3D Feature Matching and Applications in Collaborative Vehicles

3D Feature Matching

Finding geometric correspondences is a key step in many computer vision applications. This task lies in both 2D and 3D regimes based on the type of input data source. Compared to 2D data, in most cases image frames, 3D data has an additional dimension containing depth information. The depth data tells the exact location of each pixel in the real-world coordinate system and removes many 2D ambiguities like scale or skew differences caused by camera movement.

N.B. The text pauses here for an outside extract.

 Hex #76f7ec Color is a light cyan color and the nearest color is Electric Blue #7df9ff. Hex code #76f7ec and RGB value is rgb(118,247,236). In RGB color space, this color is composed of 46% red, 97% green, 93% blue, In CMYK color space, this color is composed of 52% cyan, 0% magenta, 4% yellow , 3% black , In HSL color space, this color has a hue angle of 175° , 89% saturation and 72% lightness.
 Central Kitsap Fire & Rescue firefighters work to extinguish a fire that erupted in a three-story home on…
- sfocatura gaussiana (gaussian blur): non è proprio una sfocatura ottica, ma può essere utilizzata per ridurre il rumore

The common forms of 3D data are: point cloud, surface mesh, and primitive voxel. The later 2 can be generated from point cloud with additional processing. While being the direct output from most capturing devices like RGB-D camera or LiDAR, point cloud is a challenging data source with its large scale and order-less nature. A typical point cloud can be populated with millions of points and shuffling their order should not introduce any change to the cloud.
The current state-of-the-art algorithms [Gojcic et al., 2019][Choy et al., 2019] for finding correspondences between two point clouds include two steps: voxelization and feature extraction. A carefully handcrafted technique is picked to convert local point cloud around each key point into a voxel grid. This voxelization step not only addresses the order-less issue but allows the following extraction network to take the advantage of the spatial information as well. The extraction network consists of multiple 3D convolution layers and outputs a condense vector (e.g., 32-dim) describing the input key point. When matching two 3D key points, we compare their corresponding descriptors.

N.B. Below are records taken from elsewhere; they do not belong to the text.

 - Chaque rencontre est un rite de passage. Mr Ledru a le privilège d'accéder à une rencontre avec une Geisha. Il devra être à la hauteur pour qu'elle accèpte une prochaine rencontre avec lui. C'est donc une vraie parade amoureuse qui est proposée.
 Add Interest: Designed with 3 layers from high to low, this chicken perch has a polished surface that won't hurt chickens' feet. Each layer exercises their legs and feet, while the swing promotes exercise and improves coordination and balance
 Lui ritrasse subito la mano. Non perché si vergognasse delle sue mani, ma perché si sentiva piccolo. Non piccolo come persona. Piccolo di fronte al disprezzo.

We propose to replace the currently handcrafted voxelization step with a compact neural network. This replacement is designed to remove the bottleneck in processing speed and improve the algorithm’s robustness against noise, different sampling density, which are common in 3D data.

Applications in Collaborative Vehicles

Estimating vehicle trajectory

3D feature matching can help with more accurate vehicle localization [Li et al., 2018][Behl et al., 2019]. Suppose we have a static point cloud data of the entire city or area. Such large-scale static city/area point cloud can be generated by driving a vehicle with LiDAR around or from multiple capturing devices installed on street lamps. From the large point cloud we crop a small portion based on estimated location from vehicle GPS/IMU data. The cropping largely reduces the computation. We then find correspondences between point cloud from the vehicle’s camera and this cropped city point cloud and estimate the relative rigid transformation. This transformation will help refine the localization by GPS/IMU data.

View sharing between vehicles

Sharing views among vehicles is the main advantage of a collaborative vehicle system. Occlusions and detection flaws may cause serious traffic accidents. View sharing [Straub et al., 2017] will eliminate such problems greatly. Whether the sharing happens between two vehicles or between a vehicle and a centralized node, we need to merge the information in the source vehicle coordinate system to target vehicle/centralized node coordinate system. Fast and accurate 3D feature matching, together with GPS/IMU data will provide an accurate transformation for merging.

3D understanding

While collaborative vehicles share their location and plans to each other, it is challenging to ask pedestrians and cyclists to provide such information. We therefore need to detect them, even predicting their next moves. We can send alerts to both vehicles and pedestrians/cyclists if we can predict their future locations. Such a task requires knowledge of semantic segmentation, classification, and temporal reasoning [Halber et al., 2019]. We plan to investigate the performance of predicting pedestrians/cyclists future position from current and previous point clouds.

Timeline

1-8 months: Fast and accurate 3D feature matching
9-13 months: Estimating vehicle/camera trajectory
14-18 months: View sharing between vehicles
19-24 months: 3D understanding

All weather 3D perception for Intelligent vehicles using cooperative radars

Motivation

Why use wireless signals (radars) for perception in extreme weather?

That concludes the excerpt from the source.